Remember that the null hypothesis refers to the equality of the population means. If this p-value is
very low, we would be inclined to reject the null hypothesis and conclude that there is a difference in
the population means. If it is high, we would be inclined to fail to reject the null hypothesis and
conclude that we failed to demonstrate a difference in the population means.
4. Alpha: α
Having obtained a p-value from our hypothesis test, how do we decide if the value is low enough for
us to reject H0? Or is it high enough for us to fail to reject H0? In the natural and agricultural sciences,
levels of p that are used are typically 0.1; 0.05; 0.01; and 0.001
HOWEVER: in the biostatistical world (public health and clinical medical statistics) it is usual to use
only one specific level of p for deciding whether to reject a null hypothesis or not. That value is 0.05.
This value of p (0.05) was chosen after taking into account the trade-off between rejecting a null
hypothesis when it is true (a “Type 1 error”); failing to reject when the null hypothesis is false (a “Type
2 error”); and the expense, inconvenience, and patient-ethical issues when aiming for very low p-
values by using larger sample sizes.
This critical p-value, that is used as a benchmark in statistical hypothesis testing, and against which
the calculated p-value will be compared when deciding whether or not to reject a null hypothesis, is
called “alpha” (α). For practical purposes, in the field of biostatistics, α is usually taken to be 0.05. If
your calculated p-value is less than or equal to 0.05, reject H0 and Fail to reject H0 otherwise. When H0
is rejected we may state that the difference is “statistically significant” or “statistically significant at
the α = 0.05 level”. We could also just state that a difference is “statistically significant (p = ….. insert
the p-value here)”. So we compare the p-value (calculated) to α (a predetermined value) when
deciding on statistical significance.
5. Type 1 error (α)
The Type 1 error is the probability of rejecting H0 when H0 is actually true. A moment’s reflection
should convince you that Type 1 error = α. It is determined before the study is carried out.
6. Type 2 error (β)
The Type 2 error is the probability of failing to reject H0 when H0 is in fact false. As it is also a
probability, the value must lie between 0 and 1. It is denoted by β (“beta”). Beta is largely dependent
on the sample size. Larger sample sizes have lower values of β. Type 2 error is set before the study is
carried out. It is used to calculate the sample size for the study. It is never used to interpret the
analysis results. By convention, in biostatistics, we set β = 4*α and we then use this value of β to
compute the required sample size. (4*α means “4 x α”. The star * indicates multiplication).

7. The power of a test

The power of the study is also a probability (lies between zero and one).

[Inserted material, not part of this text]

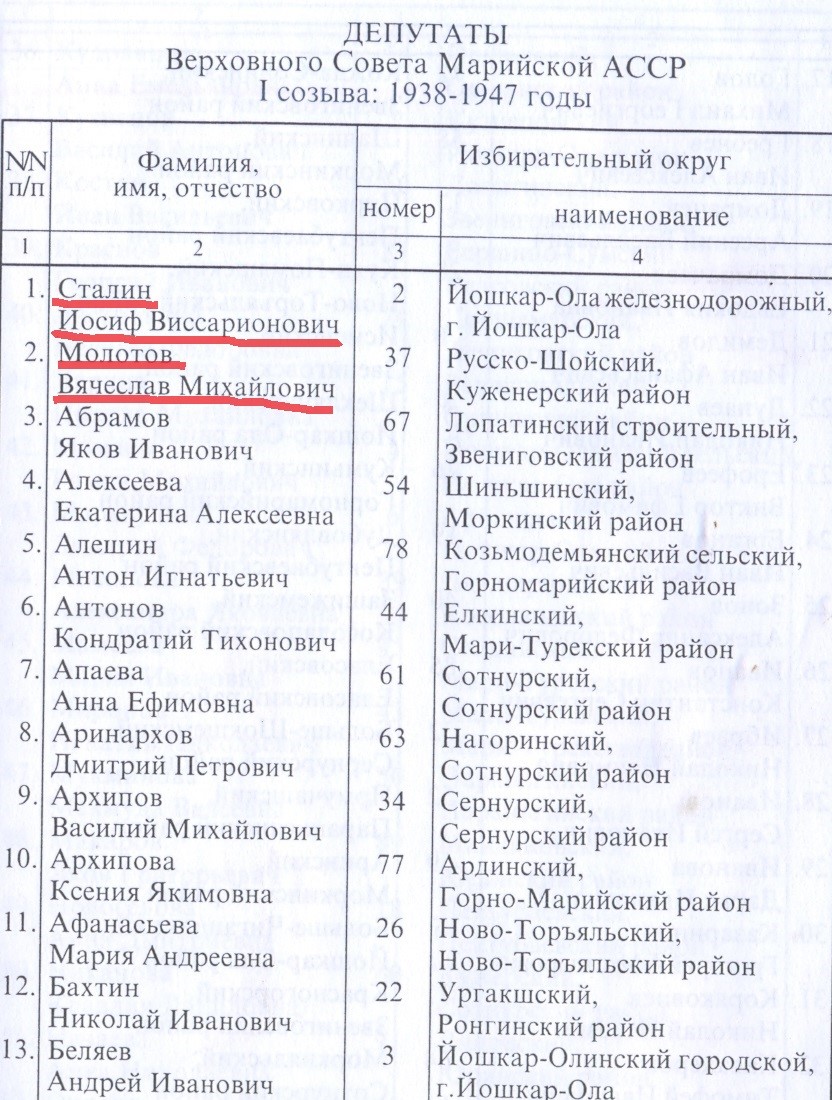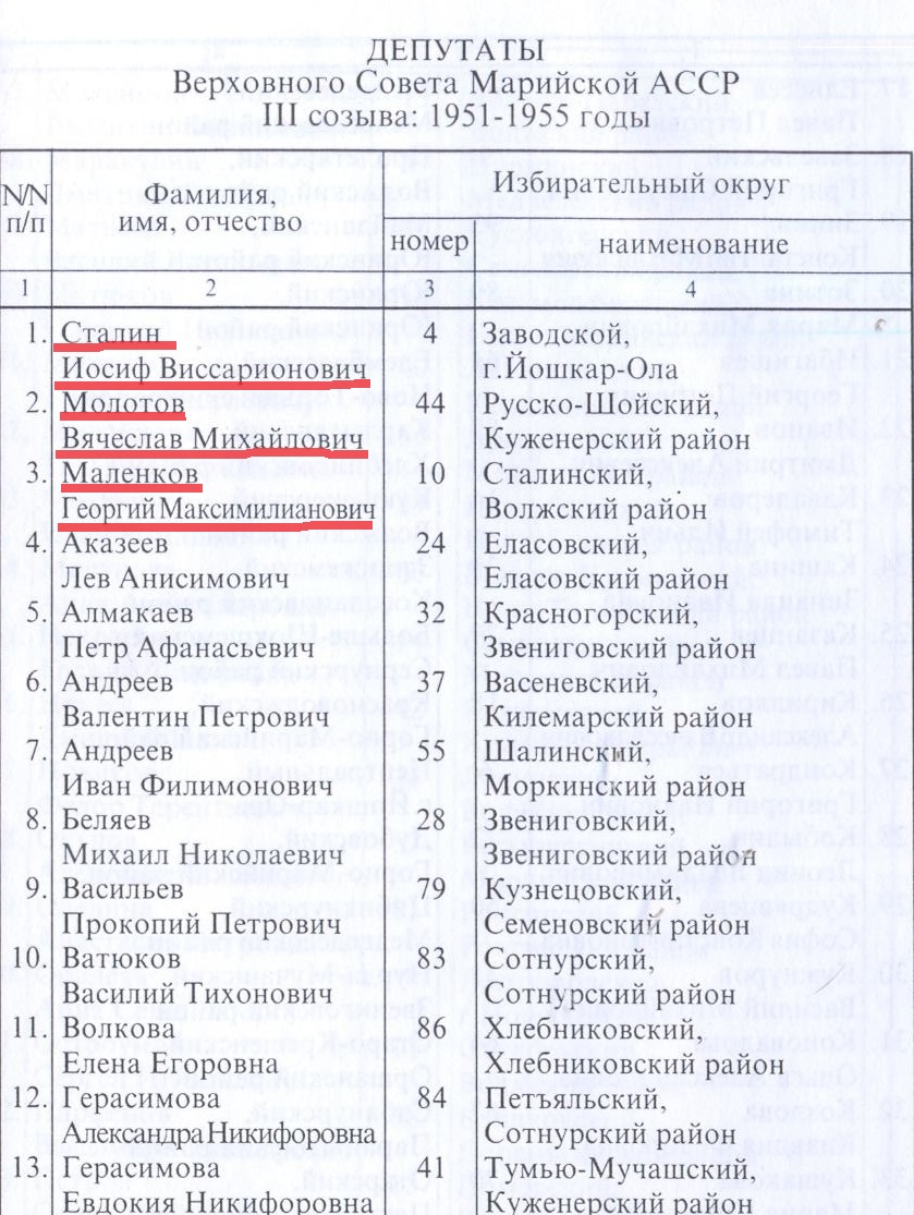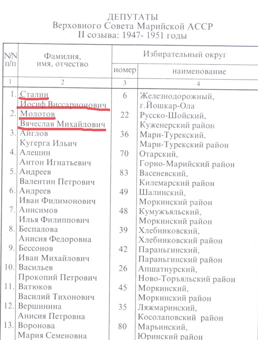 Мало кто знает, что руководители Советского Союза, помимо того, что рулили советской страной, были еще и депутатами Марийской республики. Так сам тов. Сталин был депутатом Верховного совета депутатов Марийской АССР от Йошкар-Олы в трех созывах подряд с 1938 по 1953 год и умер, что называется, на боевом посту в статусе депутата от Йошкар-Олы. Кроме него, трижды с 1928 по 1955 год марийским депутатом побывал тов. Молотов и единожды в третьем созыве с 1951 по 1955 следующий после Сталина номинальный руководитель СССР тов. Маленков.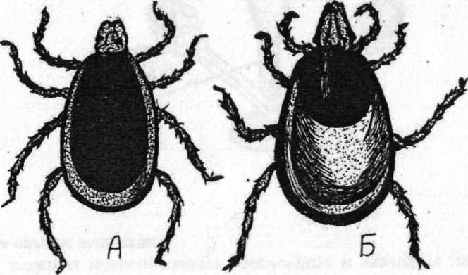 Хитинизированная кутикула клеща образует на спинной стороне крепкий нерастяжимый щиток, размеры которого у самцов и самок различны, что связано с различным количеством насасываемой ими крови. У самца спинной щиток занимает большую часть спинной стороны тела. У самок (голодной) спинной щиток покрывает спереди всего 1/3 длины тела, остальная часть тела одета тонкой, растяжимой кутикулой (определите пол имеющегося у вас клеща). Зарисуйте ротовой аппарат клеща и обозначьте его структуру.

It is the probability that a real
difference between the population means will be detected and found to be statistically significant.
Since the Type 2 error (beta) is the probability that a real difference will be missed, it stands to reason
that the power of the study is simply = 1- β:

Power = 1 - β

The obvious way to increase power is by increasing sample size. It can also be increased by improving
the precision of measurement (for example do all measurements in triplicate and work with the
median of the three readings).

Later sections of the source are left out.